- [Entries provided]:
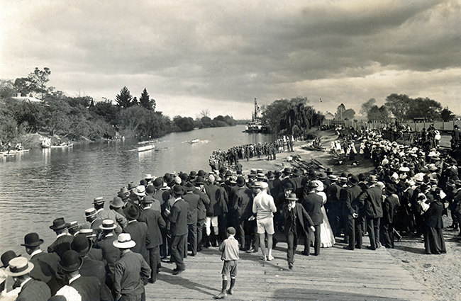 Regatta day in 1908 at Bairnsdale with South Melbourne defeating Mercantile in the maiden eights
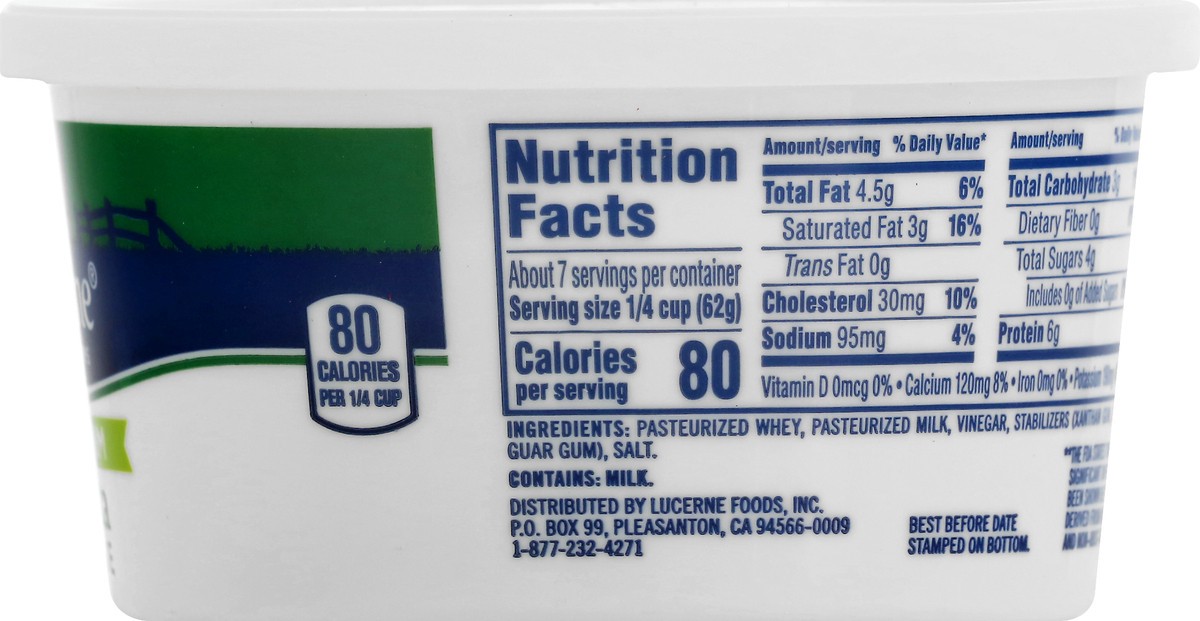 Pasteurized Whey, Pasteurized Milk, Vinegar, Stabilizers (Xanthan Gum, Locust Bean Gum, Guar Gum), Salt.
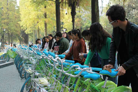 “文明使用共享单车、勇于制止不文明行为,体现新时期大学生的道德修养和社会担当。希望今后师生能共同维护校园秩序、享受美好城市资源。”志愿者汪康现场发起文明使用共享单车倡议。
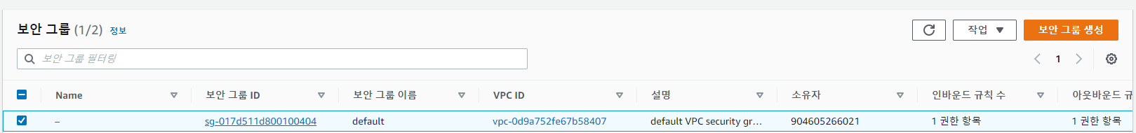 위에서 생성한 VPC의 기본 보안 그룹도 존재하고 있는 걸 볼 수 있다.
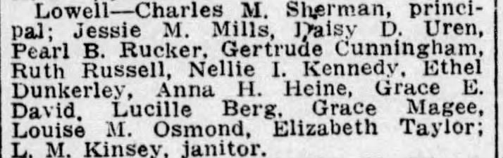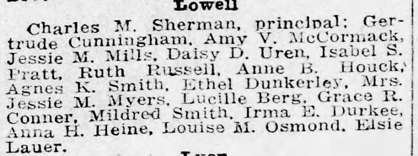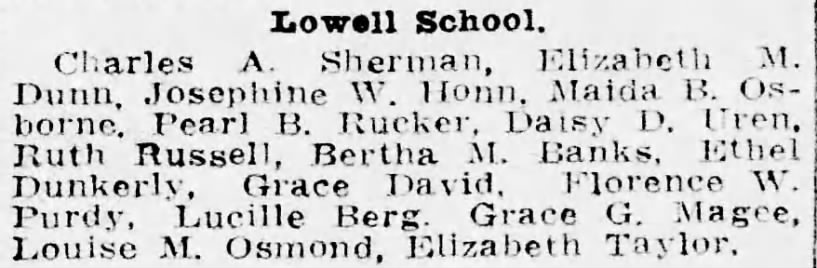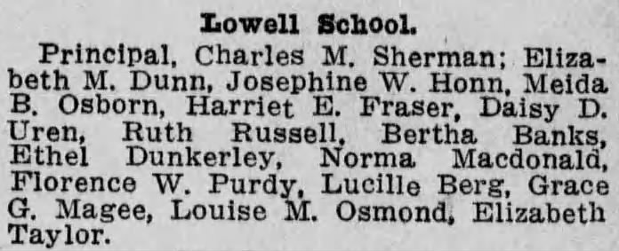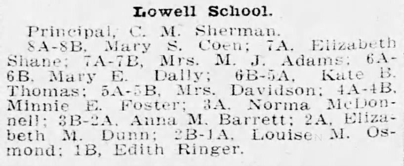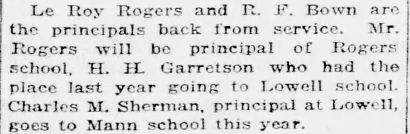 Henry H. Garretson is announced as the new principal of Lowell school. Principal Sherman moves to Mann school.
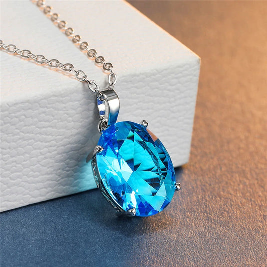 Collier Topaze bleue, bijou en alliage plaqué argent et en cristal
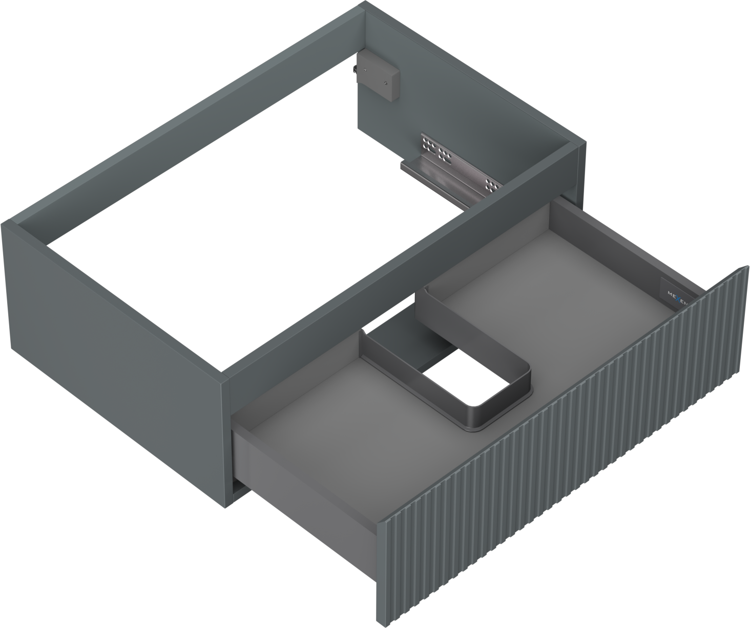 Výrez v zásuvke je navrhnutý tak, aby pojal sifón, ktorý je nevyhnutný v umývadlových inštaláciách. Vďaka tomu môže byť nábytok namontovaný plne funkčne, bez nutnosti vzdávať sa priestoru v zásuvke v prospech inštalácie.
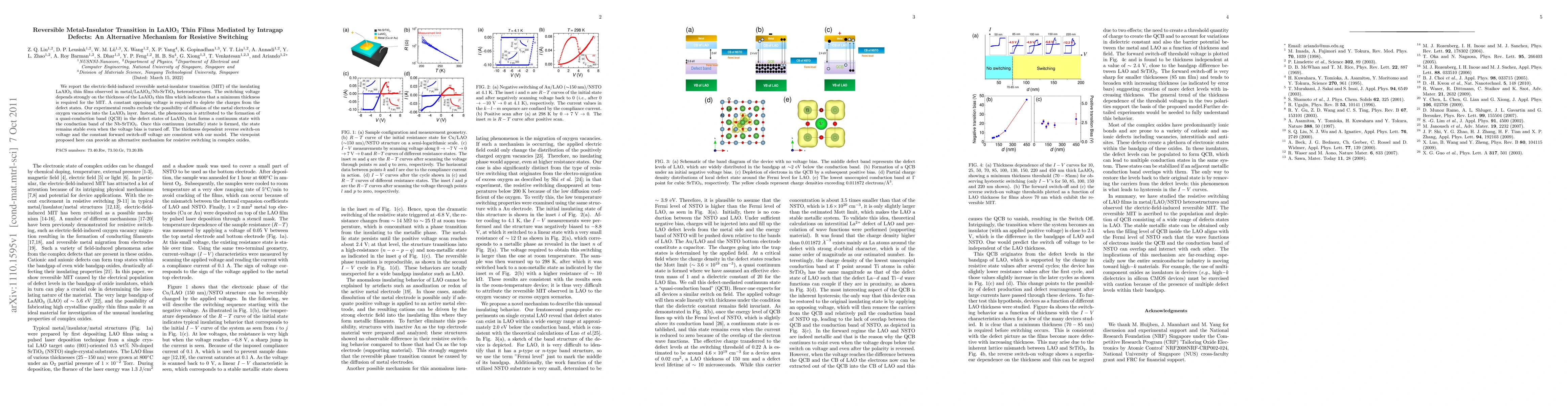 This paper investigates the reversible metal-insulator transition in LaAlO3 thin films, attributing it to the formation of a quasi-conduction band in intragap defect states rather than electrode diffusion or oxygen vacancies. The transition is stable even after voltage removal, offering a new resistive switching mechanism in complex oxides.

---

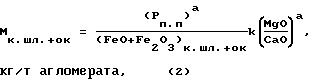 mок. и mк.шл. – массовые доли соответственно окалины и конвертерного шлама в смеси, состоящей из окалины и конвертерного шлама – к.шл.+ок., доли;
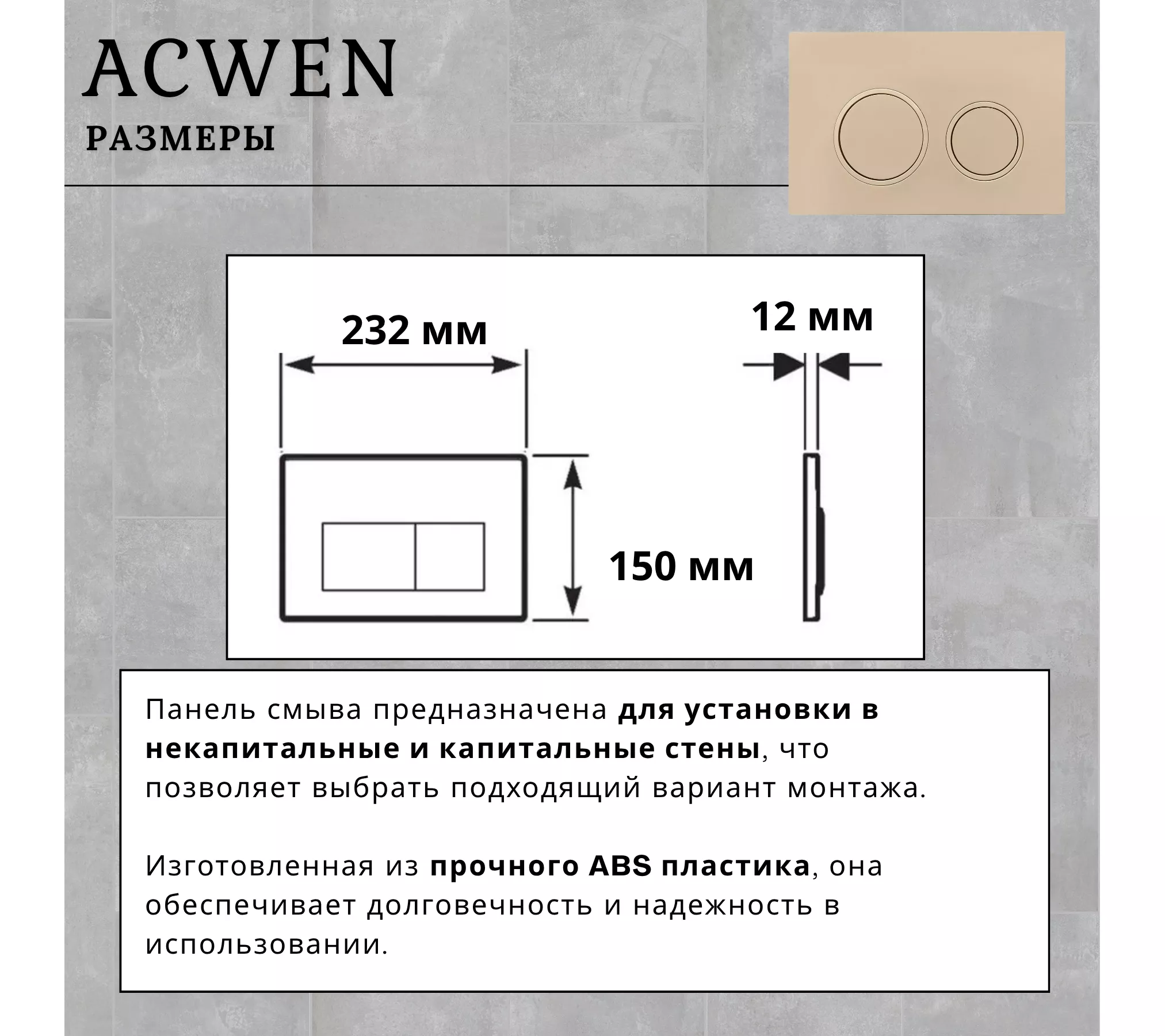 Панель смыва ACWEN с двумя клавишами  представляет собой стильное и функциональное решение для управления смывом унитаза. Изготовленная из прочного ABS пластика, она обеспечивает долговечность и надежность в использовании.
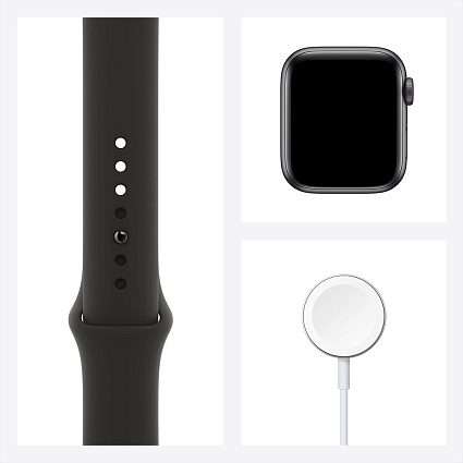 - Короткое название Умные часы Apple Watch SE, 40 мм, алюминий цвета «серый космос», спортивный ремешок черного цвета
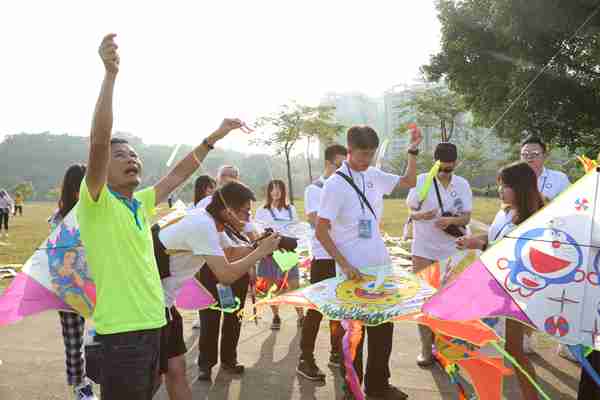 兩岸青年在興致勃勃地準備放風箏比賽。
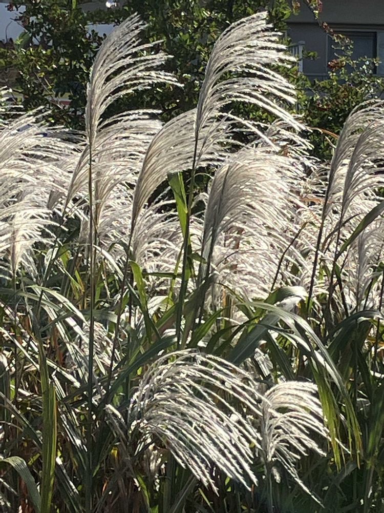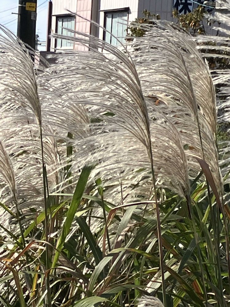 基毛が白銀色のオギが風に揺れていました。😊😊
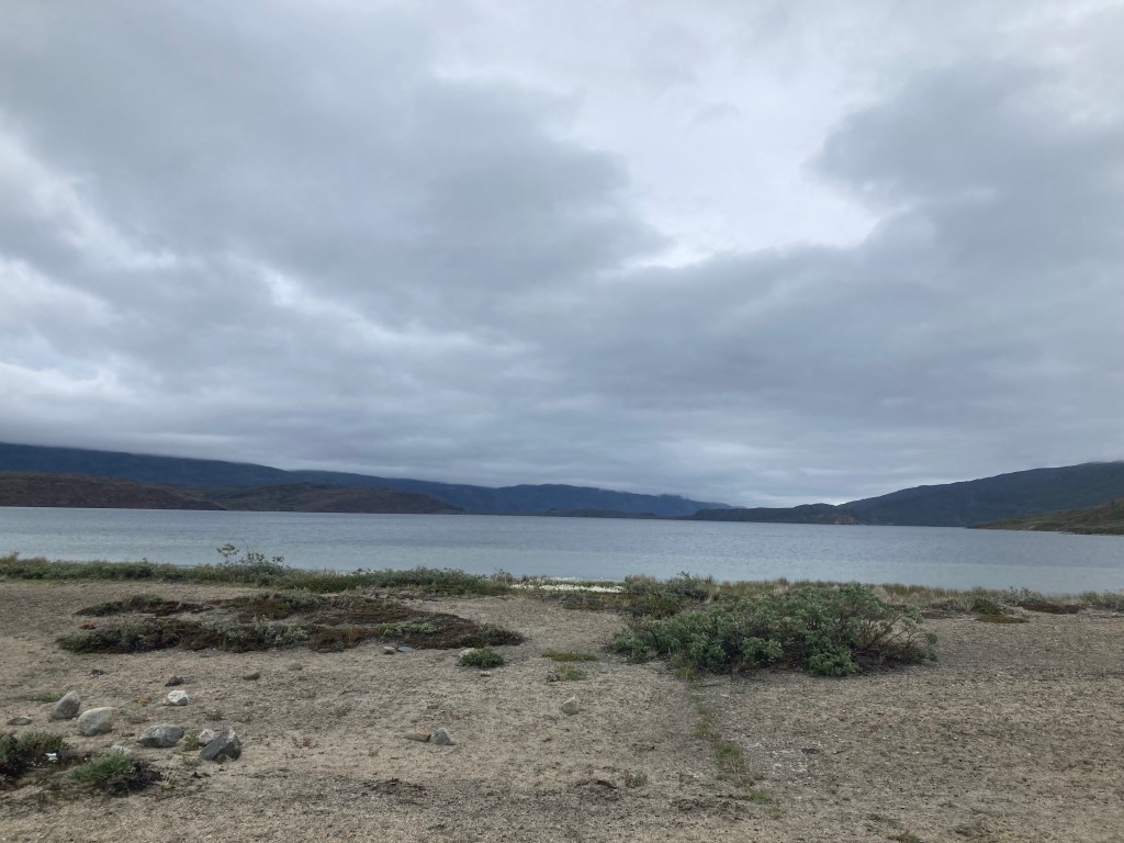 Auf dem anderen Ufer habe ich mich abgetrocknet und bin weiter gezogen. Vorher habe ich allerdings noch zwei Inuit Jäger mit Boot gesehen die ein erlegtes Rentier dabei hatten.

- [Task brief]: Look above for the line with "Collier Topaze bleue, bijou" and the line with "This paper investigates", then copy them and all lines in between exactly as written, and only those, without any pictures.

- [Answer to this exercise]:
 Collier Topaze bleue, bijou en alliage plaqué argent et en cristal
 Výrez v zásuvke je navrhnutý tak, aby pojal sifón, ktorý je nevyhnutný v umývadlových inštaláciách. Vďaka tomu môže byť nábytok namontovaný plne funkčne, bez nutnosti vzdávať sa priestoru v zásuvke v prospech inštalácie.
 This paper investigates the reversible metal-insulator transition in LaAlO3 thin films, attributing it to the formation of a quasi-conduction band in intragap defect states rather than electrode diffusion or oxygen vacancies. The transition is stable even after voltage removal, offering a new resistive switching mechanism in complex oxides.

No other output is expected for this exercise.